The ratio of bonus to base pay is high, relatively similar to some sales jobs. This means the reward stress is on personal effort and ability rather than contribution. It also means that people at the same level, with similar title and experience may be very differently remunerated from one another.
Many asset managers, but by no means all, have some equity ownership in their organisation, which has implications for how all others are motivated in the business. We know that having a real stake (shares) in the business can change commitment, and influence a long versus short-term horizon.
A significant proportion of their pay is often deferred. This has an effect on all sorts of decisions in the job, depending on the terms. It can easily change time horizons and commitment to others.
It is often possible to obtain reasonably robust, objective, money-based measures of success that can be expressed nearly always in monetary terminology, making subjective judgements less central to the whole exercise. Numbers do not lie and are easy to compare.
Pay systems are often company-wide with nearly everyone in the same system, which may have implications for social comparisons.

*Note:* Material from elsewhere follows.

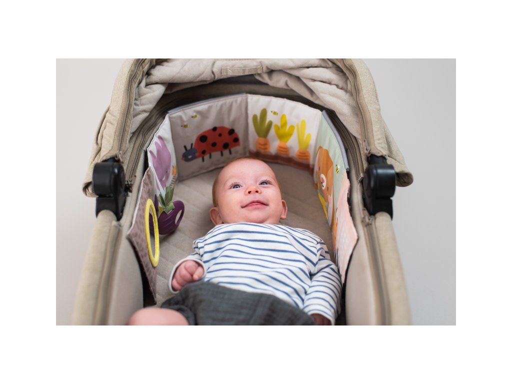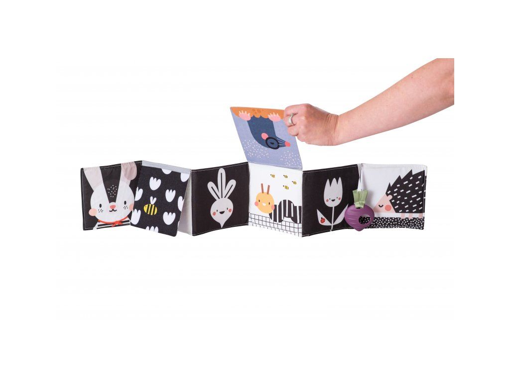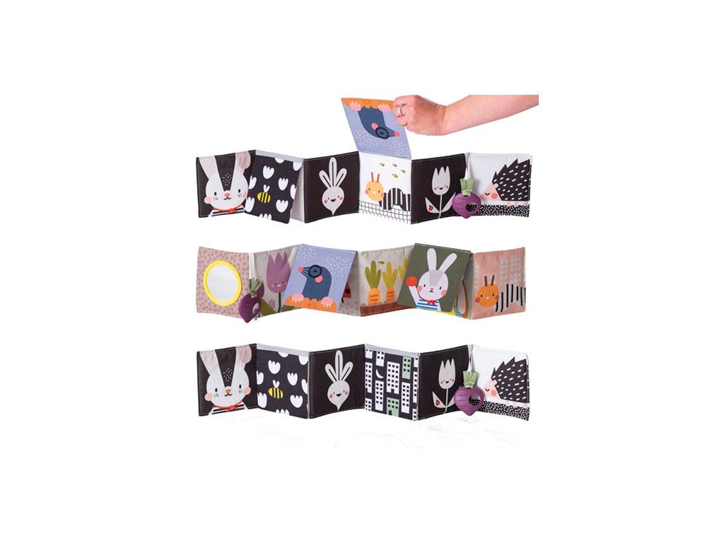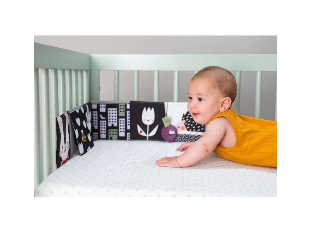 Obojstranná textilná knižka pre najmenších je určená do kočíka, postieľky aj na hraciu deku.

This can lead to all sorts of jealousies and certain areas/specialities are seen as easier (to make money) than others. Pay secrecy/privacy is maintained which has many consequences, both very positive and negative.
Pay, performance and your business
The stereotype of people in business is that they are highly competitive, numerate and materialistic. They are attracted by the money and are prepared to work very hard, leading highly stressful lives.